The chemical pH sensor described will change color to red or pink to signal an ongoing cathodic delamination failure. Therefore, the connector with embedded indicator must be visually observed at regular intervals. This observation can be included in a routine check of underwater structures with an ROV (or by a diver in shallow waters). Alternatively, it can be observed with a camera or

CCTV.

Other chemical indicators may be used in place of the phenolphthalein-based indicator described above, provided they are sufficiently stable for the long periods of use that may be required.

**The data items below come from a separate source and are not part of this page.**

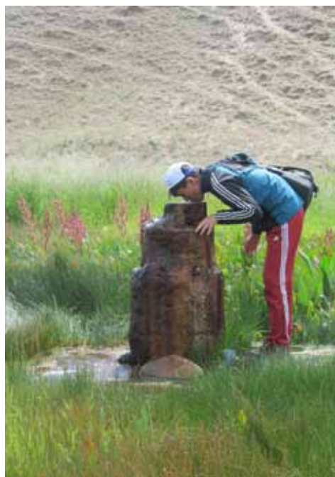
Жылуу-Суу (Кара-Суу), Ат-Башы району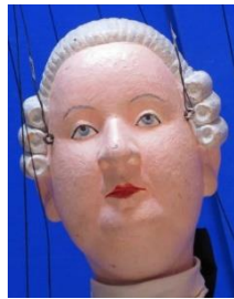
Duc de Dindon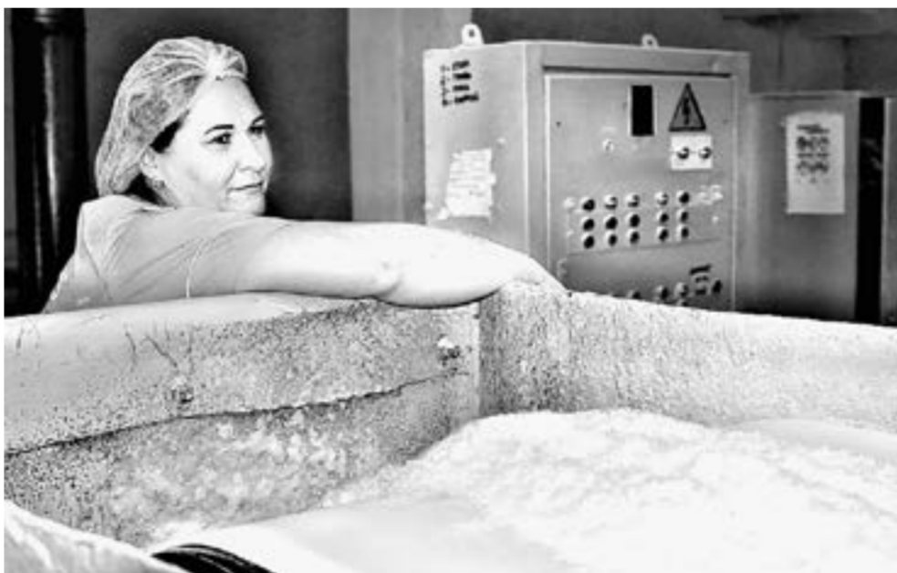
Повышенный спрос разгрузил склады сахарных заводов.

Поскольку отрасль не пострадала, то говорить о дополнительных мерах экономической поддержки не приходится, хотя предприятия по-прежнему имеют право на получение льготных ссуд от Фонда развития Алтайского края, Алтайского фонда микрозаймов и на услуги лизингового фонда края.

Furthermore, it is possible to use an electronic pH sensor to provide an electrically sensitive indication of pH at the metal/mantle interface instead of a visually sensitive indication required for a chemical indicator. Power and communication for this electronic sensor could be provided via extra pins on the connector. Such a connector would not require visual monitoring. However, an electronic sensor is not currently preferred because commercially available electronic sensors have not been proven to have the ability to remain stable over a long period of time (at least several years).

Claims (9)

1. An underwater device comprising a metal part (12) placed in a polymeric sheath or jacket (11, 14), characterized by means (10) for providing a tactile indication of highly alkaline pH at an interface between the part and the jacket. 2. Device as stated in claim 1, characterized in that the part is a metal shell for an underwater cable connector (12). 3. Device as stated in claim 2, characterized in that the cable (13) extends from the connector and close to the connector (12) is covered with the polymeric sheath. 4. Device as stated in one of claims 1 to 3, characterized in that the devices (10) comprise a chemical indicator and the sheath (11) is sufficiently translucent (translucid) to allow visual observation of the indicator. 5. Device as stated in claim 4, characterized in that the chemical indicator comprises phenolphthalein. 6. Device as stated in claim 4 or claim 5, characterized in that the cover comprises a heat-shrinkable sleeve (14) and a molded cover (11). 7. Method for monitoring the condition of an underwater part having a protective polymer sleeve (11, 14) over a metal shell, characterized in that it comprises monitoring the occurrence of highly alkaline pH in an interface (7) between the shell and the shell so as to provide a warning on delamination of the sheath. 8. Method for manufacturing a pH indicator for an underwater cable connector (12) having a metal shell, characterized in that it comprises: (vi) placing a heat-shrinkable translucent sleeve (14) over the shell; (vii) crimping one end of the sleeve (14) on the shell to form a receiver (15) between the sleeve and the shell; (viii) partially filling the receiver (15) with a solution of a chemical indicator; (ix) heat shrinking the other end (16) of the sleeve to seal the indicator inside the sleeve; and (x) attaching a cable (13) to the connector. 9. Method as stated in claim 8, characterized in that it further comprises casting a translucent polymeric cover (11) over the sleeve and the cable (13) near the connector.